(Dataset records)
····················

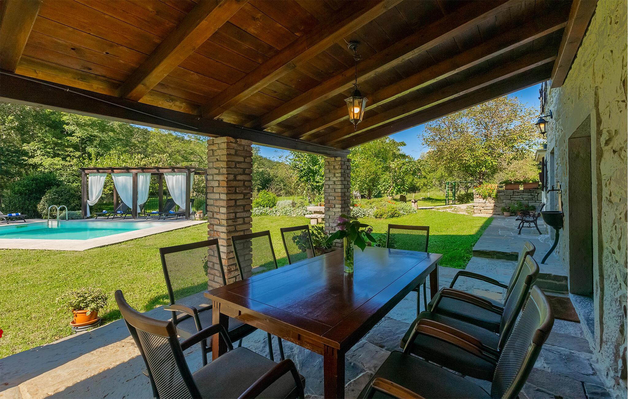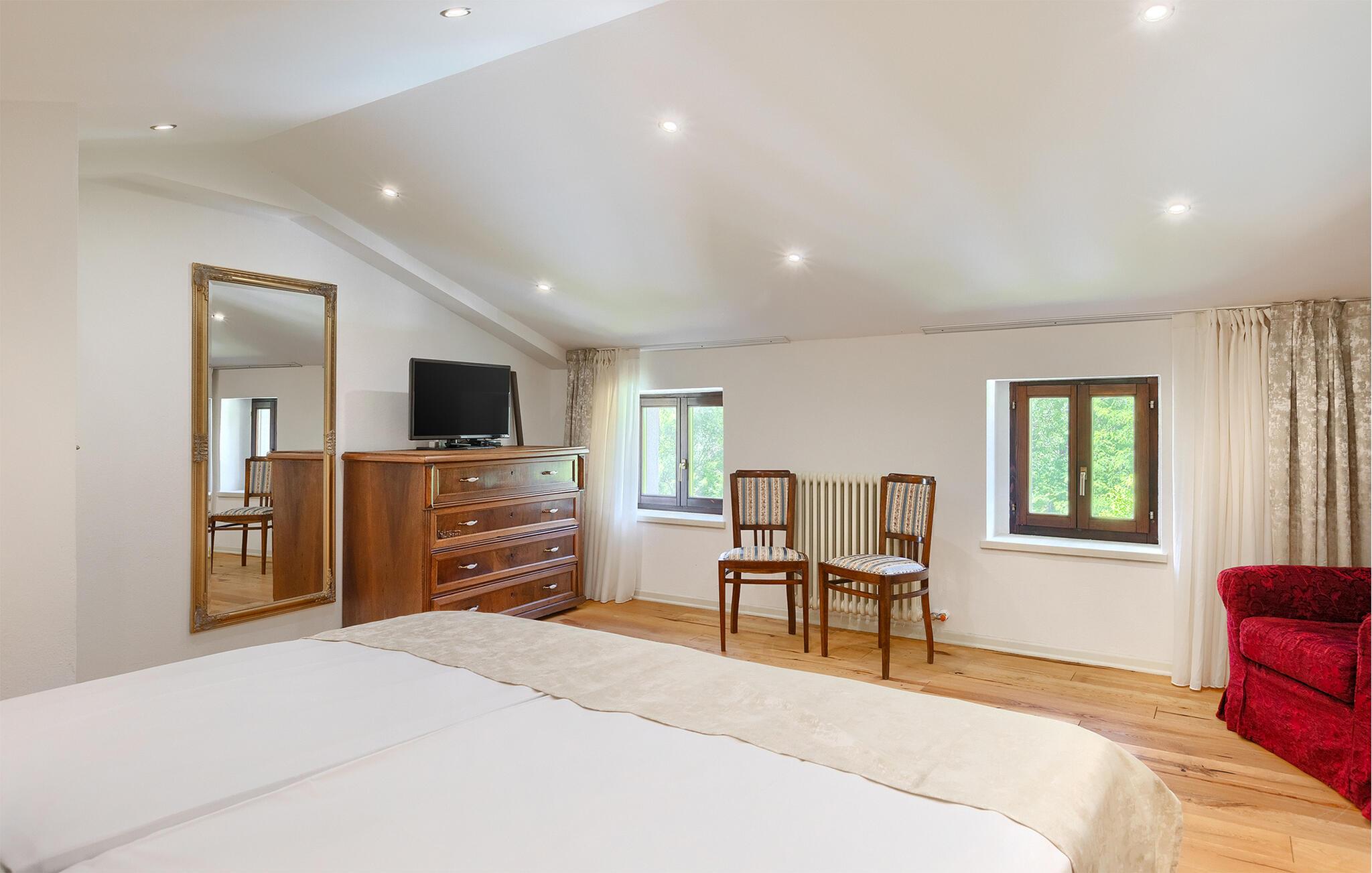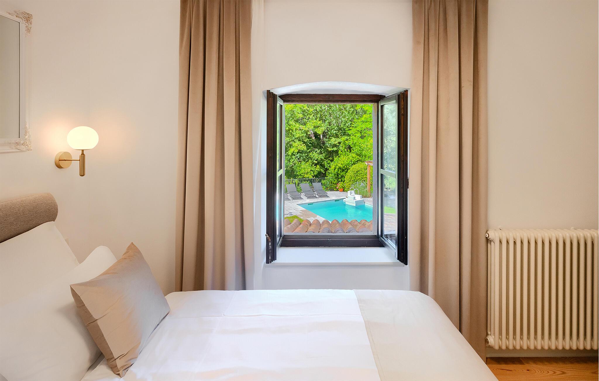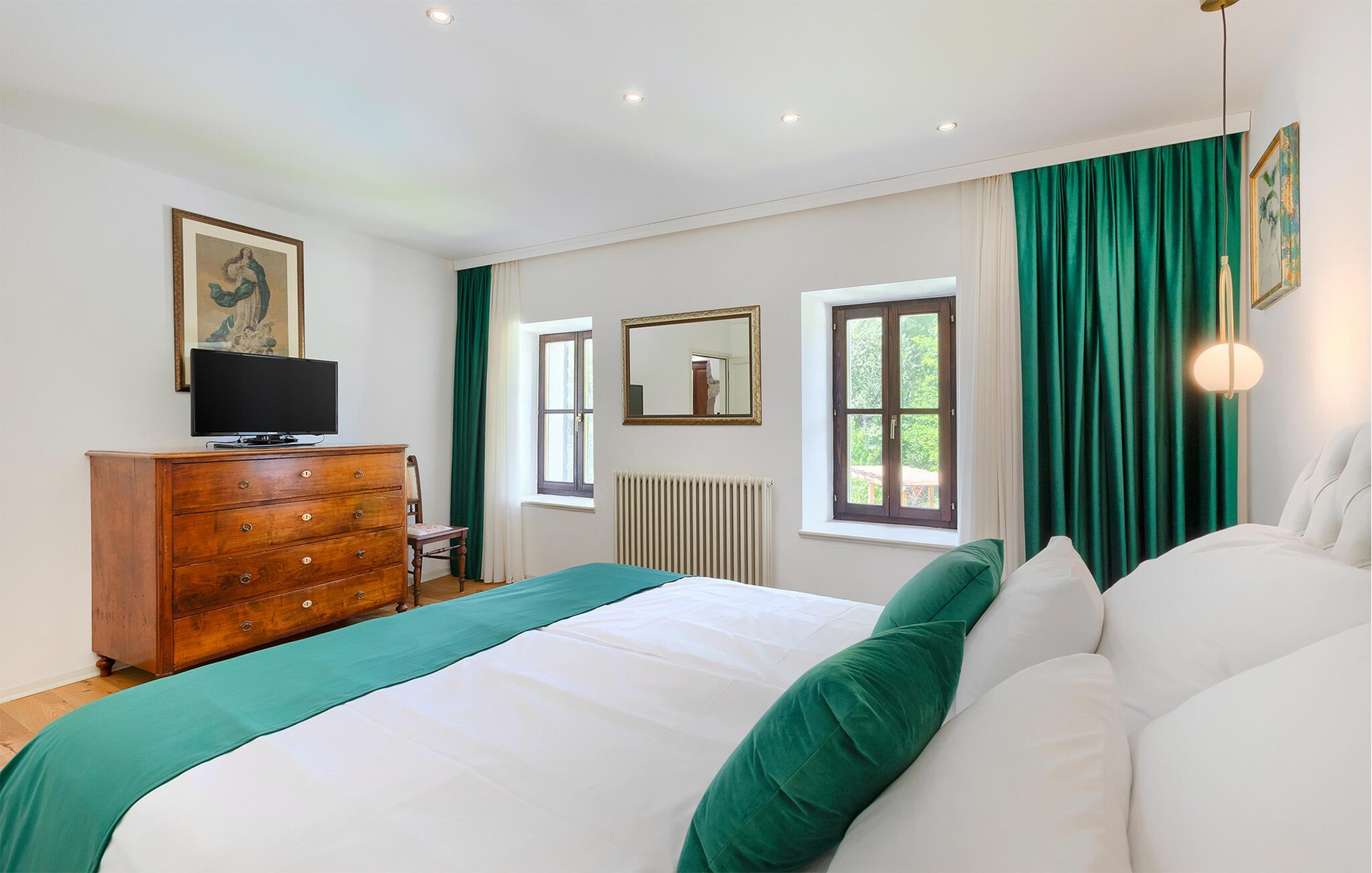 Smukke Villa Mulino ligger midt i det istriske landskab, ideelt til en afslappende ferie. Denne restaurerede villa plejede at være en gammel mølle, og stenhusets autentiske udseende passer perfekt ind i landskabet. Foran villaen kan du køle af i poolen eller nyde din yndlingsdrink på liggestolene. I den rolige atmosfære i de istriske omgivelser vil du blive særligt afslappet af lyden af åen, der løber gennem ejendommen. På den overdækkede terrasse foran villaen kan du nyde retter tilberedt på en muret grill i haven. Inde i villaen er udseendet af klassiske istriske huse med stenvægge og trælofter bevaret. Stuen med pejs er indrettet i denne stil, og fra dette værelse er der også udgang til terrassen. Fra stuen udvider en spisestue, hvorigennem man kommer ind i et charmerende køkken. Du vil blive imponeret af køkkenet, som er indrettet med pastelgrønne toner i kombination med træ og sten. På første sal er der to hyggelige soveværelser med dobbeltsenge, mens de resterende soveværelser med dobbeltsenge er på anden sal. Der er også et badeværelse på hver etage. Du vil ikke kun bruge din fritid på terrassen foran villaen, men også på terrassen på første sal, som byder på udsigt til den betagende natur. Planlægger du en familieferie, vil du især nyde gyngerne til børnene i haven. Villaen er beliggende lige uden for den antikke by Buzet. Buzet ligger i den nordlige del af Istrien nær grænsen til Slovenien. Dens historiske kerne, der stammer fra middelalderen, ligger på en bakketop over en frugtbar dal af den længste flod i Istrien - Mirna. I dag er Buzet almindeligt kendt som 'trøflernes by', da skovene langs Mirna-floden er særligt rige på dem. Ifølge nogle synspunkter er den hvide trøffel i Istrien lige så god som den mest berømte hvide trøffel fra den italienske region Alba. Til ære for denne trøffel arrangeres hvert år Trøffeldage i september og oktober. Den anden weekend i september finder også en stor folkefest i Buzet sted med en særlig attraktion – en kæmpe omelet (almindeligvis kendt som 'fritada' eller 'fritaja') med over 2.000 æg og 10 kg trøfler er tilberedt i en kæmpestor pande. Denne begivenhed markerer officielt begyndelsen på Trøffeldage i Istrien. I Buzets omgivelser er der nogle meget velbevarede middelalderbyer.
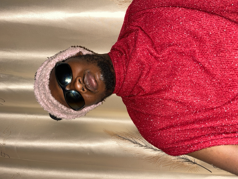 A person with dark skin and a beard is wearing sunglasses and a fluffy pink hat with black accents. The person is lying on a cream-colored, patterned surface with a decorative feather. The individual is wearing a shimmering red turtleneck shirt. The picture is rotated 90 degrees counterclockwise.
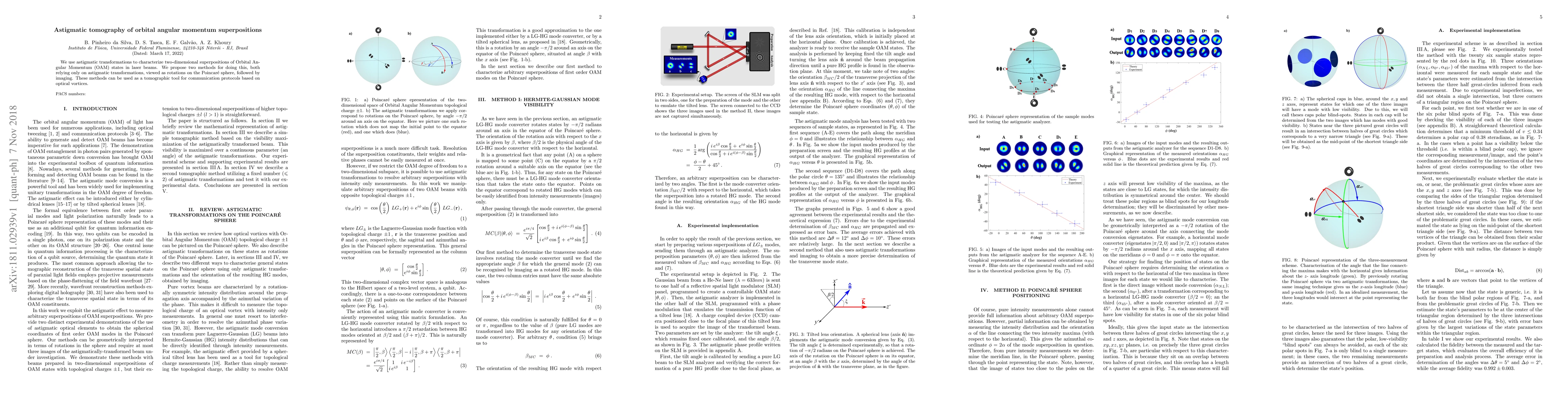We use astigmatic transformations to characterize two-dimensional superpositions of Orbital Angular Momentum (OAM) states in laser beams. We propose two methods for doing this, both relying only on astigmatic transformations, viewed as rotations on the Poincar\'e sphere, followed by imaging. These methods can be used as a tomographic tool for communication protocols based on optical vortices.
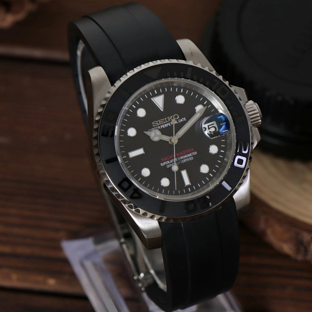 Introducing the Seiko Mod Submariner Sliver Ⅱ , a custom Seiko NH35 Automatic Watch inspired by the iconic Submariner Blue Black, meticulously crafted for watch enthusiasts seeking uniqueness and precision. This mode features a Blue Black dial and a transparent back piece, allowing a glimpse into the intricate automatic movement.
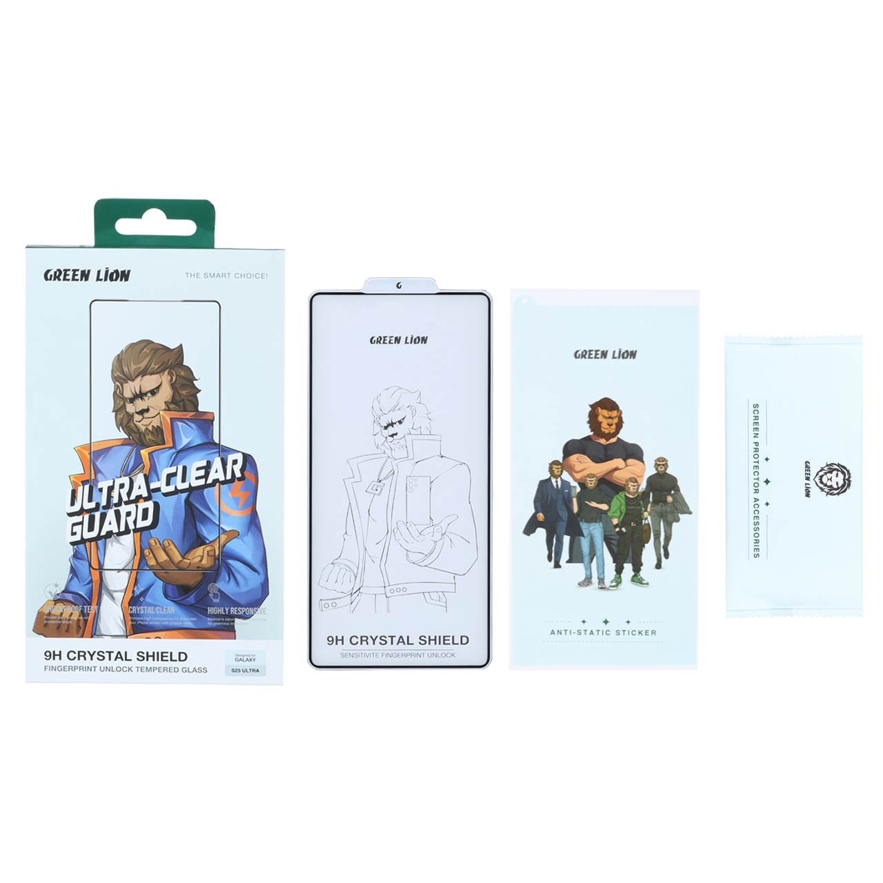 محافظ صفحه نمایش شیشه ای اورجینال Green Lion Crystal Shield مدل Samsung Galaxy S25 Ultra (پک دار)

····················

The pictures should be dropped, and every line above should be set down again exactly.

 Smukke Villa Mulino ligger midt i det istriske landskab, ideelt til en afslappende ferie. Denne restaurerede villa plejede at være en gammel mølle, og stenhusets autentiske udseende passer perfekt ind i landskabet. Foran villaen kan du køle af i poolen eller nyde din yndlingsdrink på liggestolene. I den rolige atmosfære i de istriske omgivelser vil du blive særligt afslappet af lyden af åen, der løber gennem ejendommen. På den overdækkede terrasse foran villaen kan du nyde retter tilberedt på en muret grill i haven. Inde i villaen er udseendet af klassiske istriske huse med stenvægge og trælofter bevaret. Stuen med pejs er indrettet i denne stil, og fra dette værelse er der også udgang til terrassen. Fra stuen udvider en spisestue, hvorigennem man kommer ind i et charmerende køkken. Du vil blive imponeret af køkkenet, som er indrettet med pastelgrønne toner i kombination med træ og sten. På første sal er der to hyggelige soveværelser med dobbeltsenge, mens de resterende soveværelser med dobbeltsenge er på anden sal. Der er også et badeværelse på hver etage. Du vil ikke kun bruge din fritid på terrassen foran villaen, men også på terrassen på første sal, som byder på udsigt til den betagende natur. Planlægger du en familieferie, vil du især nyde gyngerne til børnene i haven. Villaen er beliggende lige uden for den antikke by Buzet. Buzet ligger i den nordlige del af Istrien nær grænsen til Slovenien. Dens historiske kerne, der stammer fra middelalderen, ligger på en bakketop over en frugtbar dal af den længste flod i Istrien - Mirna. I dag er Buzet almindeligt kendt som 'trøflernes by', da skovene langs Mirna-floden er særligt rige på dem. Ifølge nogle synspunkter er den hvide trøffel i Istrien lige så god som den mest berømte hvide trøffel fra den italienske region Alba. Til ære for denne trøffel arrangeres hvert år Trøffeldage i september og oktober. Den anden weekend i september finder også en stor folkefest i Buzet sted med en særlig attraktion – en kæmpe omelet (almindeligvis kendt som 'fritada' eller 'fritaja') med over 2.000 æg og 10 kg trøfler er tilberedt i en kæmpestor pande. Denne begivenhed markerer officielt begyndelsen på Trøffeldage i Istrien. I Buzets omgivelser er der nogle meget velbevarede middelalderbyer.
 A person with dark skin and a beard is wearing sunglasses and a fluffy pink hat with black accents. The person is lying on a cream-colored, patterned surface with a decorative feather. The individual is wearing a shimmering red turtleneck shirt. The picture is rotated 90 degrees counterclockwise.
We use astigmatic transformations to characterize two-dimensional superpositions of Orbital Angular Momentum (OAM) states in laser beams. We propose two methods for doing this, both relying only on astigmatic transformations, viewed as rotations on the Poincar\'e sphere, followed by imaging. These methods can be used as a tomographic tool for communication protocols based on optical vortices.
 Introducing the Seiko Mod Submariner Sliver Ⅱ , a custom Seiko NH35 Automatic Watch inspired by the iconic Submariner Blue Black, meticulously crafted for watch enthusiasts seeking uniqueness and precision. This mode features a Blue Black dial and a transparent back piece, allowing a glimpse into the intricate automatic movement.
 محافظ صفحه نمایش شیشه ای اورجینال Green Lion Crystal Shield مدل Samsung Galaxy S25 Ultra (پک دار)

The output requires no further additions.